REVIEW: Sound Mind by Tricia Sullivan

Sound Mind – Tricia Sullivan
Hachette Livre Orbit, 2007
357 pages
RRP: AU$22.95
ISBN: 978-1-84149-405-0

Reviewed by Jacinta Rosielle

As a reader with an adoration of stories which make me question what is real, and as a musician with a hankering for experimentation, this book had swallowed me whole within the first twenty pages. I hadn’t read any books by Tricia Sullivan before and on the few occasions that I’d closed the book I was having to wipe a few spots of drool off the back cover as I eyed the thumbnails of two of her other novels, making plans to order these sometime soon.

The protagonist, Cassidy, is studying music at Bard College. She hears an overwhelmingly loud, strange noise while hanging out in her boyfriend’s dorm one day, and they both escape the college grounds but lose each other on the way out. At a nearby petrol station to which others have flocked in a rush to escape the unknown force, she sees a news broadcast which informs them that the area in which they live has been cut off from the rest of the state. No answers are yet forthcoming as to the cause of the separation.
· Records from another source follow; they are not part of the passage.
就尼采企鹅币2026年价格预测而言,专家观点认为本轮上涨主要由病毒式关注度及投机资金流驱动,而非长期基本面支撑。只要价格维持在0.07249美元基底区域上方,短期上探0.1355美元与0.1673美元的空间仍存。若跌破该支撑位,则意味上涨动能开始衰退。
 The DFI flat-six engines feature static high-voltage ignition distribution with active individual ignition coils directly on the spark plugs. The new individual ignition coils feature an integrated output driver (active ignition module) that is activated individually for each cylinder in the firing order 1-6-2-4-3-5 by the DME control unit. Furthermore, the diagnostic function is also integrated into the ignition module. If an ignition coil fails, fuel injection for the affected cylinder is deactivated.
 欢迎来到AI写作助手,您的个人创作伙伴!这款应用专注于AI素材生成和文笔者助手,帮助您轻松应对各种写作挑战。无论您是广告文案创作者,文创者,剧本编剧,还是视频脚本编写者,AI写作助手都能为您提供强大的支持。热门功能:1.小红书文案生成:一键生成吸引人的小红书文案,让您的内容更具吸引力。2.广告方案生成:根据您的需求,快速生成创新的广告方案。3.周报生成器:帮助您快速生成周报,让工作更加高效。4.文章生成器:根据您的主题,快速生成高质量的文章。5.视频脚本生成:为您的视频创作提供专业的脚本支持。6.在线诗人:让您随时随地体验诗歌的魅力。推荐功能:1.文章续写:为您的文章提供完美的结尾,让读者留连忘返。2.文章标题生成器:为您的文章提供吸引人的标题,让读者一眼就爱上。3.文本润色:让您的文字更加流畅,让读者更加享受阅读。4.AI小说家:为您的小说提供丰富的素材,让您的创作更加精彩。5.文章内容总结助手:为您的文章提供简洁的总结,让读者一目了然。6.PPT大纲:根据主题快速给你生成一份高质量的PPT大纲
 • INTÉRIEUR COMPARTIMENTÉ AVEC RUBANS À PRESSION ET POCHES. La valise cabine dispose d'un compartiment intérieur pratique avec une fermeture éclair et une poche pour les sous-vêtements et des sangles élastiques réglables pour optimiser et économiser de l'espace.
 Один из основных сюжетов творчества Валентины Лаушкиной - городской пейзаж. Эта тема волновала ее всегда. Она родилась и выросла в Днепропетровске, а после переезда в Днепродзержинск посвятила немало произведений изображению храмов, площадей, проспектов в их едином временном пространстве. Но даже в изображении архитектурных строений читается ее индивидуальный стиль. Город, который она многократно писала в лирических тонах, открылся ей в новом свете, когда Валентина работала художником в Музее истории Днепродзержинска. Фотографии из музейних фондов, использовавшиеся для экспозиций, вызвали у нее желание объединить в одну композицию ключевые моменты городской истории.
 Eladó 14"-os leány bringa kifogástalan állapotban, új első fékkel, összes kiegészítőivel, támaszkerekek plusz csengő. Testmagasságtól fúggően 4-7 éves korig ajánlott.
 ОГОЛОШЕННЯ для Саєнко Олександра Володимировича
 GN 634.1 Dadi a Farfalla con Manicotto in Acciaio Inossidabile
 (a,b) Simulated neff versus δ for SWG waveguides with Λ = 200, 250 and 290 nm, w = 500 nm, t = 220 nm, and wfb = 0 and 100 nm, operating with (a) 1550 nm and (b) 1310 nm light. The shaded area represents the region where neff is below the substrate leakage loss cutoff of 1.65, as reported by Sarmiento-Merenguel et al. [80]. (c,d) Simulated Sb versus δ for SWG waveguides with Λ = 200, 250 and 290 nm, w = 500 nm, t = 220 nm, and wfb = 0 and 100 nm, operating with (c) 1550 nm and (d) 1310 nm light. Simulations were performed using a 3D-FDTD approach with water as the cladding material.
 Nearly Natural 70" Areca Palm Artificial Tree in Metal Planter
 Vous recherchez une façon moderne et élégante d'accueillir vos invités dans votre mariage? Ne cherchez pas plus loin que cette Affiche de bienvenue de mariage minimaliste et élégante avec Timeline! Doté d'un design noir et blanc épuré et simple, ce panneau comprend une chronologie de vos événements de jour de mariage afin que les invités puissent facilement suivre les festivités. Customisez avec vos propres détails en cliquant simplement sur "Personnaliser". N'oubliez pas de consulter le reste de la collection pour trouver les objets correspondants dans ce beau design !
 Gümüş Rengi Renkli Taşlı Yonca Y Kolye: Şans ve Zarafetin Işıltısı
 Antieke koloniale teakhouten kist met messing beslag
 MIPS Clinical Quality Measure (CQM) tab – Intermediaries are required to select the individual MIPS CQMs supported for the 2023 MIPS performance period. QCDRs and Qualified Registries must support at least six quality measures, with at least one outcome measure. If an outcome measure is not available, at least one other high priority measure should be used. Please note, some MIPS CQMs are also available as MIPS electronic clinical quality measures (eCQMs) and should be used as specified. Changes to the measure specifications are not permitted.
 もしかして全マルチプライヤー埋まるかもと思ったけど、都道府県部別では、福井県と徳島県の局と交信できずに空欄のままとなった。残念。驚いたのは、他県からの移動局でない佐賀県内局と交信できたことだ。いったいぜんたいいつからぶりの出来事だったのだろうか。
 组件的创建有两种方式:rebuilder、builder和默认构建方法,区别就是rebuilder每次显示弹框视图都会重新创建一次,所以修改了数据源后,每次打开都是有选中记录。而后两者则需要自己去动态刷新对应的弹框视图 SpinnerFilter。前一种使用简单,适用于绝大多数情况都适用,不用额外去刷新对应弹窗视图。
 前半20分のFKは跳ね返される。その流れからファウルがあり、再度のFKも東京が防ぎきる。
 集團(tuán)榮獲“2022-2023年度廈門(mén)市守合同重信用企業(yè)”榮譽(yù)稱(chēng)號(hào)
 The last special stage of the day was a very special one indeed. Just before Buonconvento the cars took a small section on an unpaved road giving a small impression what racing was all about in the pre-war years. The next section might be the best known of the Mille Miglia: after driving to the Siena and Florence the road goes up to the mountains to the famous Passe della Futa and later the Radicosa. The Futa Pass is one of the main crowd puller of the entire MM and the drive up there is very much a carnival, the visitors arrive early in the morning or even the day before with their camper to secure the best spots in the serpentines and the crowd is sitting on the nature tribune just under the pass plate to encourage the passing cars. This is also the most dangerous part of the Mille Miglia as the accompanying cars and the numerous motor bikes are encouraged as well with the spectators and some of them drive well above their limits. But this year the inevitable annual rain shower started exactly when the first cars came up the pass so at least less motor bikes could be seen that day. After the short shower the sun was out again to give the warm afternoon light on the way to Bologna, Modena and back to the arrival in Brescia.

As Cassidy learns to find food and barter within a society that is quickly coming apart at the seams, she begins to believe it (the ongoing noise and dividing force) has something to do with her. She continues to hear the strange noise at varying volumes, although others don’t always hear it. She learns not to speak of certain people, places and events that no-one else remembers, unless she wants to endure yet another quizzical glance between people she would otherwise call her friends. She learns that she can traverse into the areas that have been cut off to everyone else. And, perhaps the most mystifying, she remembers strange things appearing in a forest in which she’d been experimenting with a sound for an upcoming assignment, a sound with which she wanted to represent a kind of apocalypse.

After we learn that Cassidy has suffered a spontaneous, complete memory loss when she was younger, a memory she had to rebuild rather than fill in empty spaces, the reader begins to question her reliability as a narrator. Can we trust what she perceives with her senses? But I began questioning my own ability as a reader, as the story reached towards its climax, which was a ripe moment as ever for the ol’ “What the?!”

What begins as a survival/mystery story in a little town, becomes a psychological novel, and then wanders into territory of which the surrealists would be proud, while delivering a rather unique perspective on music. And although there’s so much I’d like to tell anyone who’ll listen about the latter half of this book, that would spoil some fine, fine scenes. If you’ve ever thought art was a powerful thing, read Sound Mind.